There are variations between the individually published chapters, the two English versions, and the Russian version. Nabokov, having lost his belongings in 1917, wrote from memory, and explains that certain reported details needed corrections; thus the individual chapters as published in magazines and the book versions differ. Also, the memoirs were adjusted to either the English- or Russian-speaking audience. It has been proposed that the ever-shifting text of his autobiography suggests that "reality" cannot be "possessed" by the reader, the "esteemed visitor", but only by Nabokov himself.
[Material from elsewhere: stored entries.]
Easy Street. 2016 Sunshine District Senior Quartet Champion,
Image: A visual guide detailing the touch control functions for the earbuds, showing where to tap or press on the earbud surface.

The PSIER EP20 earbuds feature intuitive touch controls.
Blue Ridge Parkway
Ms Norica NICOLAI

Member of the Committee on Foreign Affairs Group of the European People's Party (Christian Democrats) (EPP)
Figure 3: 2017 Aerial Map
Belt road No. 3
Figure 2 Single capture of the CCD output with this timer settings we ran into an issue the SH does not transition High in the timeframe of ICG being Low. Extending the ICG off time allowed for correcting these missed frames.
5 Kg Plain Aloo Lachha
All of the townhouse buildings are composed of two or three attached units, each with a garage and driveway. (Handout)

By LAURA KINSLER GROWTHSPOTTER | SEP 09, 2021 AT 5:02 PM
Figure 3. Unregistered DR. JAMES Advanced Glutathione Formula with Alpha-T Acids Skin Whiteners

Nabokov had planned a sequel under the title Speak on, Memory or Speak, America. He wrote, however, a fictional autobiographic memoir of a double persona, Look at the Harlequins!, apparently being upset by a real biography published by Andrew Field.

==Chapters==
The chapters were individually published as follows—in the New Yorker, unless otherwise indicated:

- "Perfect Past" (Chapter One), 1950, contains early childhood memories including the Russo-Japanese War.
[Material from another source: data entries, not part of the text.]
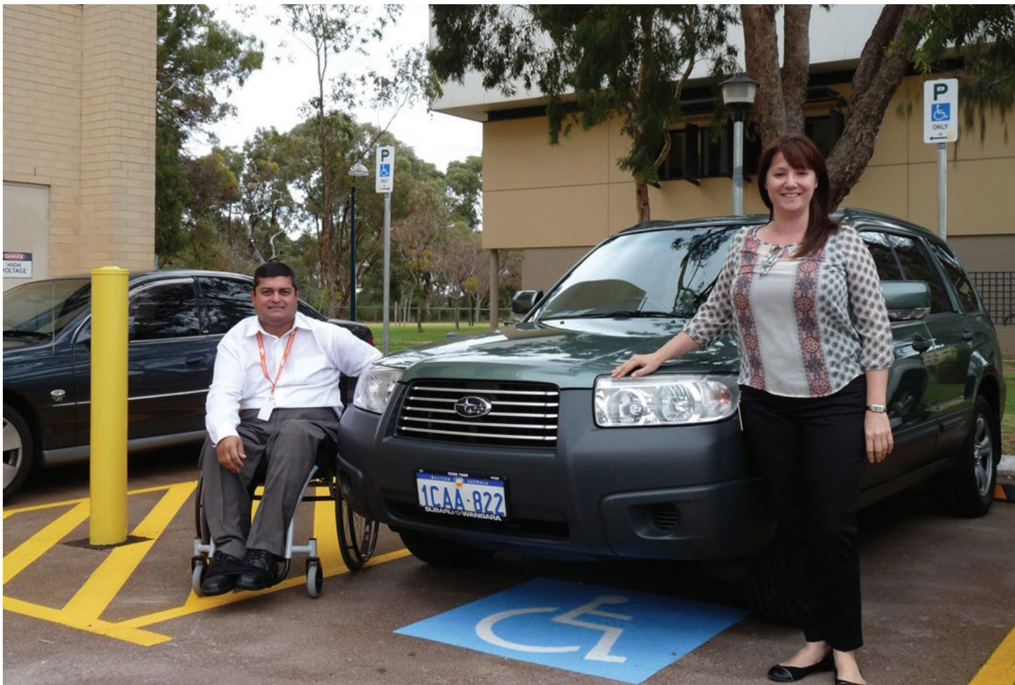
Increased disabled parking bays at the Administration Centre, including two new bays for staff
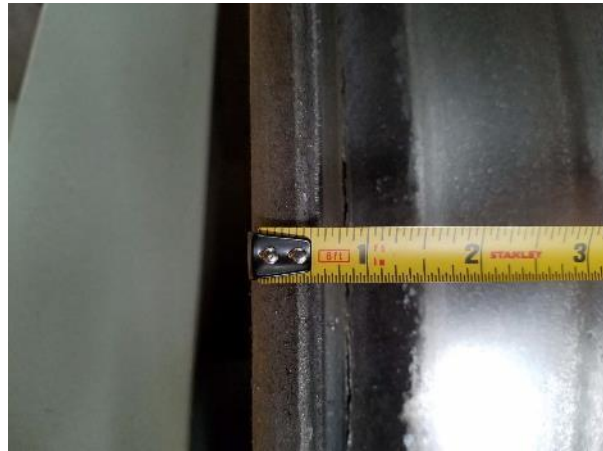
Photo 2: Wheel 6 Flange Visual Inspection (70% of Original Thickness)
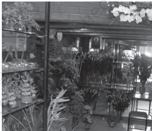
Farming of Flowers

Another, and more widespread aspect of the globalisation of agriculture is the entry of multinationals into this sector as sellers of agricultural inputs such as seeds, pesticides, and fertilisers. Over the last decade or so, the government has scaled down its agricultural development programmes, and 'agricultural extension' agents have been replaced in the villages by agents of seed, fertiliser, and pesticide companies. These agents are often the sole source of information for farmers about new seeds or cultivation practices, and of course they have an interest in selling their products. This has led to the increased dependence of farmers on expensive fertilisers and pesticides, which has reduced their profits, put many farmers into debt, and also created an ecological crisis in rural areas.

- "Portrait of My Mother" (Chapter Two), 1949, also discusses his synesthesia.
- "Portrait of My Uncle" (Chapter Three), 1948, gives an account of his ancestors as well as his uncle "Ruka". Nabokov describes that in 1916 he inherited "what would amount nowadays to a couple of million dollars" and the estate Rozhdestveno, next to Vyra, from his uncle, but lost it all in the revolution.
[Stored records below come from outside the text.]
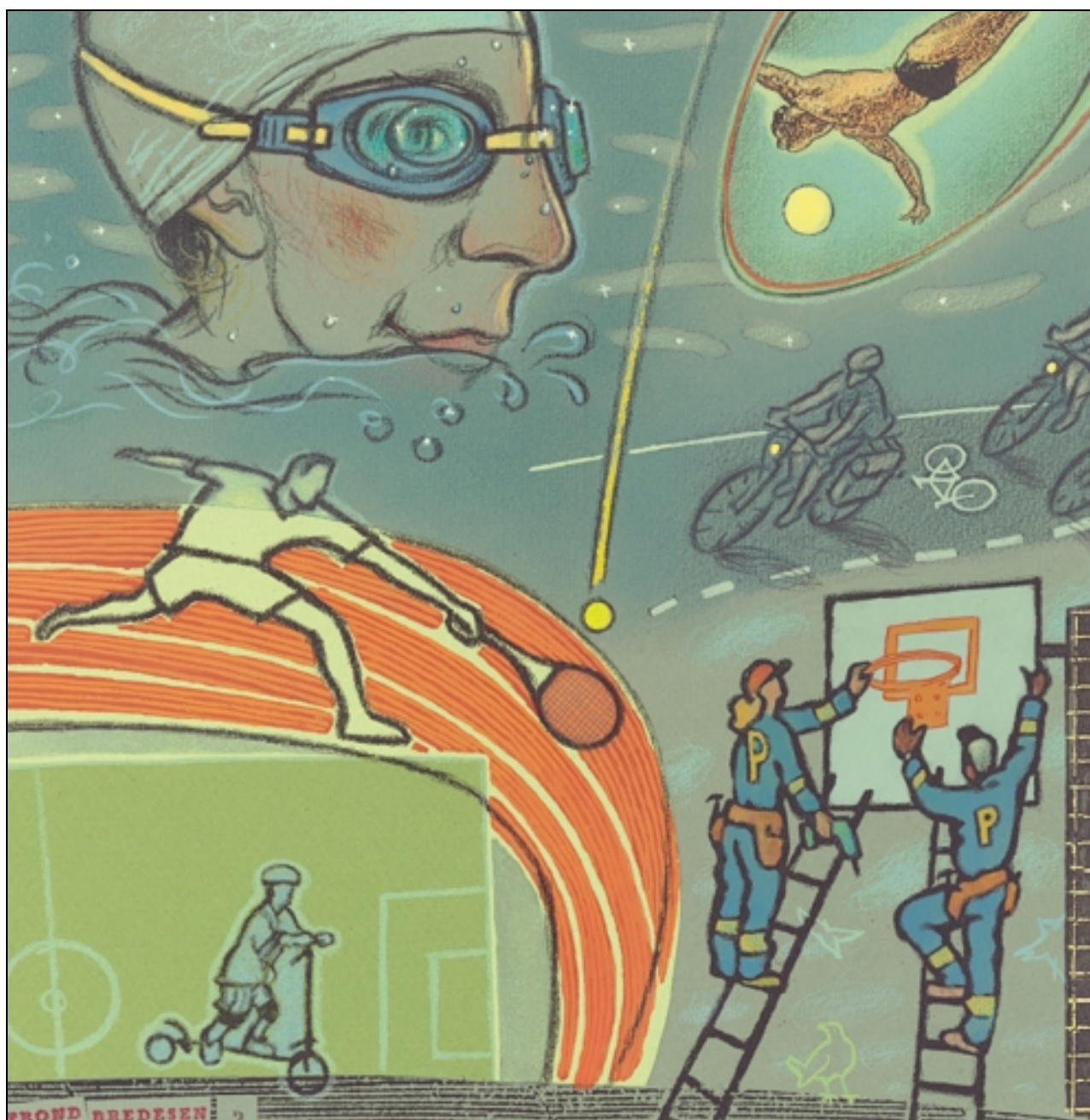
Figure 4.1: Healthy lifestyle choices

«Success will depend on cooperation between the individual and the authorities – where both parties take responsibility and make an active contribution»
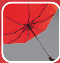
ANTI WIND system
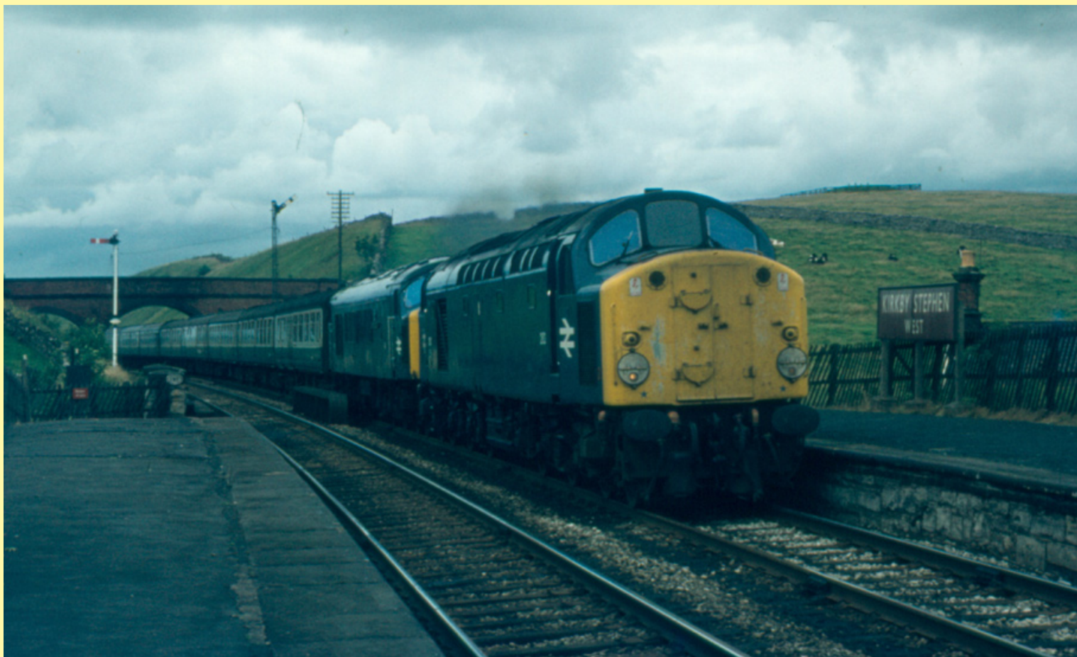
Above: Class 40, 283 and Class 45, D49 double-head the 09.50 Glasgow Central - London St. Pancras - Thames-Clyde Express - through Kirkby Stephen West on 4th August 1973. This train was still an important train and travelled the complete ex-Midland Route. The Class 40 was used to provide additional power for this heavily loaded train, over the steeply graded Settle and Carlisle route, it normally being detached at Leeds City. David Mead
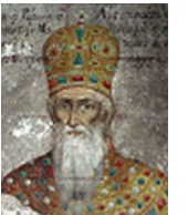
1300 AD Andronicus II Palaeologus
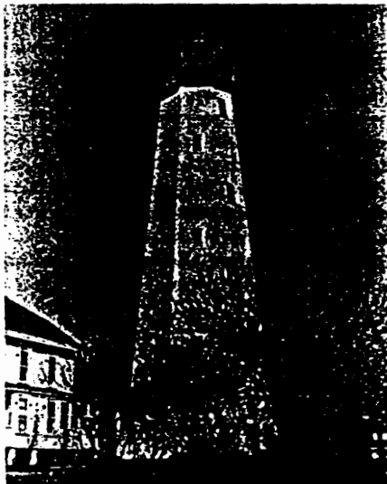
SANDY HOOK LIGHTHOUSE

No matter who owned the lighthouse, the early lighthouse keepers had to maintain the light every night all year long in all kinds of weather. The original light was probably provided by copper whale oil lanterns, each holding a number of wicks. The oil had to be carefully carried up the stairs to fill the lamps. Other types of lighting apparatus and illuminants were used until 1856-57, when the lighthouse was fitted with a third order Fresnel lens. The glass prisms of a Fresnel lens concentrated the light of the lamp in its center to produce a very bright, narrow beam. A few years later the inside of the tower was lined with brick, and an iron spiral staircase was added. Few structural changes were made to the exterior of the lighthouse tower over the past two hundred years.
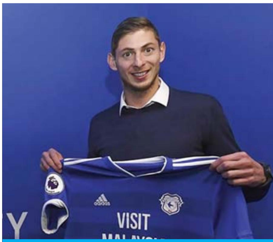
CARDIFF: File photo released by Cardiff City FC via Noticias Argentinas taken on January 20, 2019 showing Argentine footballer Emiliano Sala posing with Cardiff's jersey after signing for the club, in Cardiff, UK.
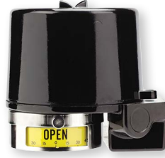
Mark 1 polyester coated aluminum (environmentally sealed for corrosive areas)
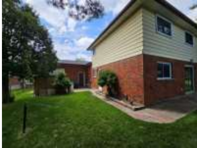
Pic. 4: Sideview
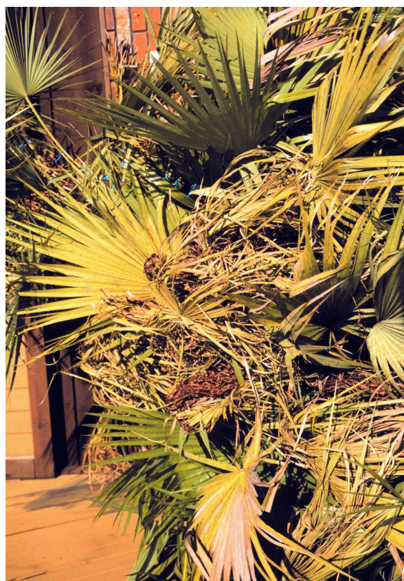
Figure 19. Manganese deficiency or "frizzle top" in Acoelorrhapha wrightii (paurotis palm).

Iron deficiency appears as interveinal or uniform chlorosis of the newest leaves (Figure 23). Older leaves remain green. In severely Fe-deficient palms, new leaflets may have necrotic tips, growth will be stunted, and the meristem or bud may eventually die (Figure 24). Early symptoms in Syagrus romanzoffiana (queen palm), Rhapis spp. (lady palms), and some Licuala spp. may appear as
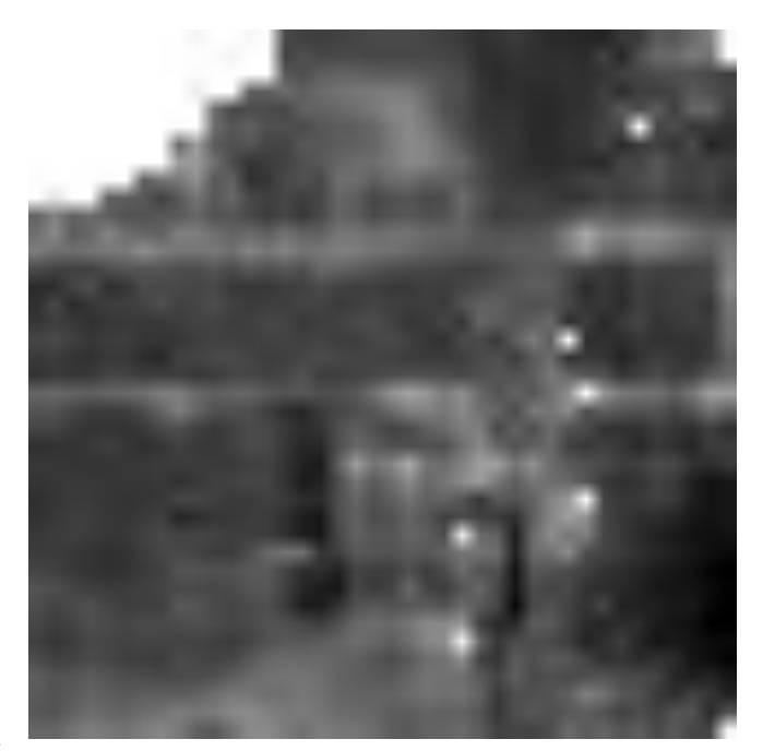
Figure 1: TRCIA

- "My English Education" (Chapter Four), 1948, presents the houses at Vyra and St. Petersburg and some of his educators.
- "Mademoiselle O" (Chapter Five), published first in French in Mesures in 1936, portrays his French-speaking Swiss governess, Mademoiselle Cécile Miauton, who arrived in the winter of 1906. In English, it was first published in The Atlantic Monthly in 1943, and included in the Nine Stories collection (1947) as well as in Nabokov's Dozen (1958) and the posthumous The Stories of Vladimir Nabokov.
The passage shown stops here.